Problem to work on: The material below holds pictures; leave them out and reproduce exactly the lines from the one with "MORENO VALLEY >>" through the one with "the light |", inclusive.

Data for analysis:
==*==

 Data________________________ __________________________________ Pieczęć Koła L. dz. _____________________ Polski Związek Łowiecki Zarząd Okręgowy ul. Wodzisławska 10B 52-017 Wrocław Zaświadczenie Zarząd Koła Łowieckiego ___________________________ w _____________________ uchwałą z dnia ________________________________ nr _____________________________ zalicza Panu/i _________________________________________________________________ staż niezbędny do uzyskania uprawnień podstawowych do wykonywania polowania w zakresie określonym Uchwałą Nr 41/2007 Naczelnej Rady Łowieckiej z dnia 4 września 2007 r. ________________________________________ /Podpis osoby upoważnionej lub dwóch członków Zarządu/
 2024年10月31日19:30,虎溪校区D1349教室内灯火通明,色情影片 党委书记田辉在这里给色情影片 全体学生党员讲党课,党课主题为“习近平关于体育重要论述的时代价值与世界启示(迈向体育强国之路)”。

==*==

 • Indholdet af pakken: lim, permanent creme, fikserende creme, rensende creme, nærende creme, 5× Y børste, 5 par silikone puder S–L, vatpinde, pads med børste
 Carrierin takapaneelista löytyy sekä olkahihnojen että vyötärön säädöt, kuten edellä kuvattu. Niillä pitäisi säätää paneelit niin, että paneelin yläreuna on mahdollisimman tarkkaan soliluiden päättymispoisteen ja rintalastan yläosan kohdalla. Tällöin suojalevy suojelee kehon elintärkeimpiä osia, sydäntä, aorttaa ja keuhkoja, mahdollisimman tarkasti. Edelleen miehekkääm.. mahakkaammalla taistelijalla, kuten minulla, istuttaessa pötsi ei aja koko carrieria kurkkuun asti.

==*==

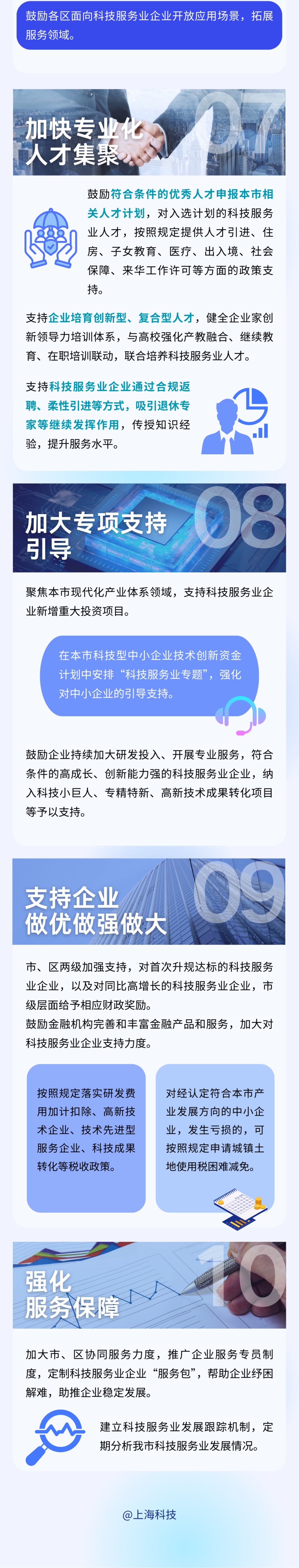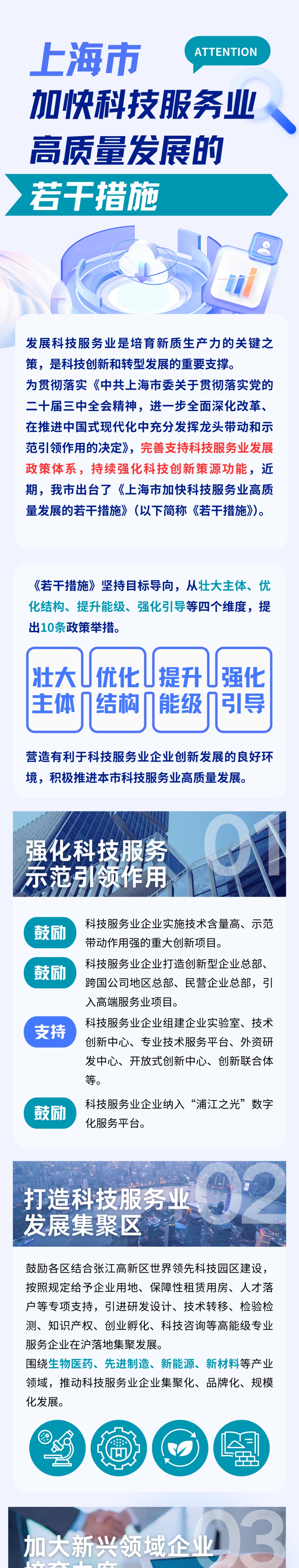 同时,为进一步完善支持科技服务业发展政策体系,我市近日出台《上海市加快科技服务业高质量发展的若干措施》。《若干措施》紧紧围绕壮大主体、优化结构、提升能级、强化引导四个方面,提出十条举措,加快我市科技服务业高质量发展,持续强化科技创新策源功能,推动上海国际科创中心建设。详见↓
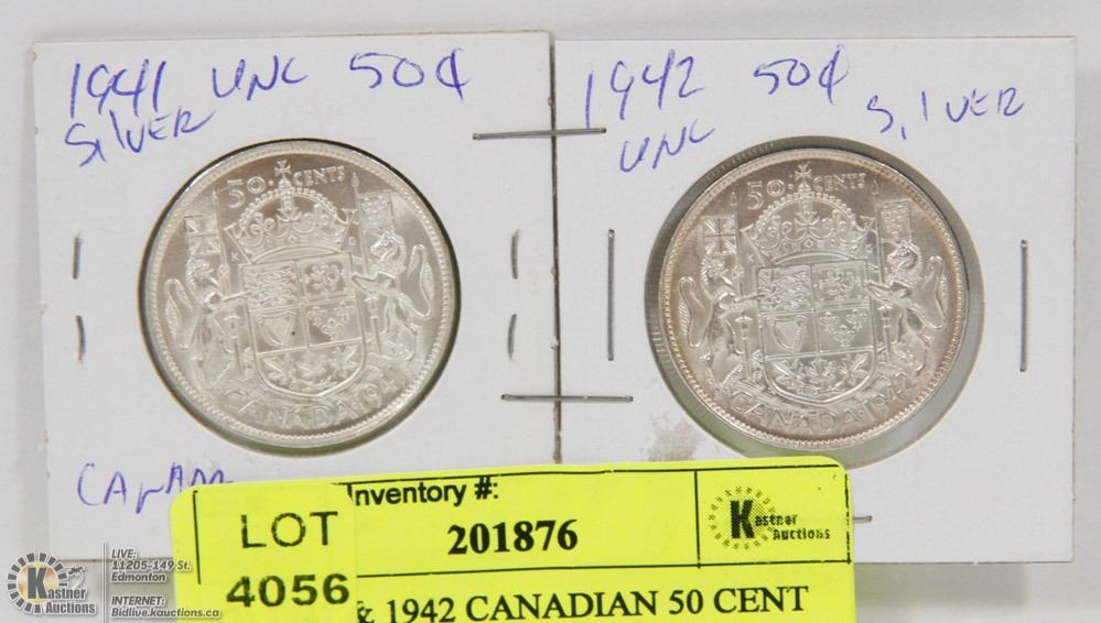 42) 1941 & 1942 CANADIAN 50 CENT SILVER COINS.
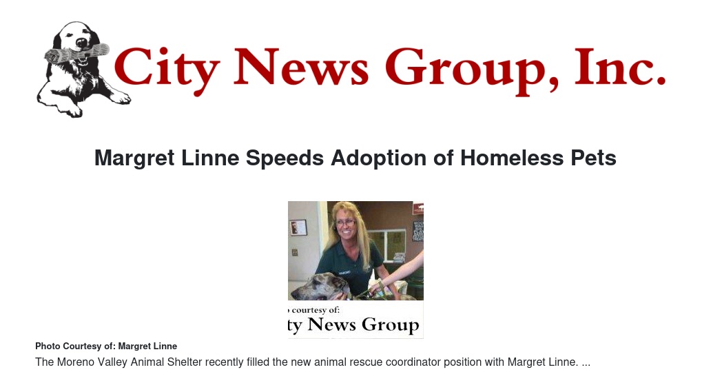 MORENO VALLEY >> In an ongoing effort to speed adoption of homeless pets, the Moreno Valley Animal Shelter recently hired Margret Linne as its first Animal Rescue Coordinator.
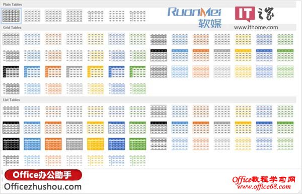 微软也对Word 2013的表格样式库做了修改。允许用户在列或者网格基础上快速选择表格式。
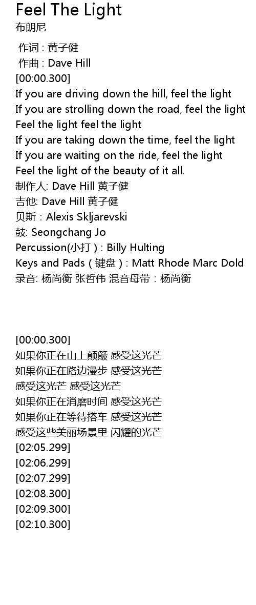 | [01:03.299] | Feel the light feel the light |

==*==

Output:
 MORENO VALLEY >> In an ongoing effort to speed adoption of homeless pets, the Moreno Valley Animal Shelter recently hired Margret Linne as its first Animal Rescue Coordinator.
 微软也对Word 2013的表格样式库做了修改。允许用户在列或者网格基础上快速选择表格式。
 | [01:03.299] | Feel the light feel the light |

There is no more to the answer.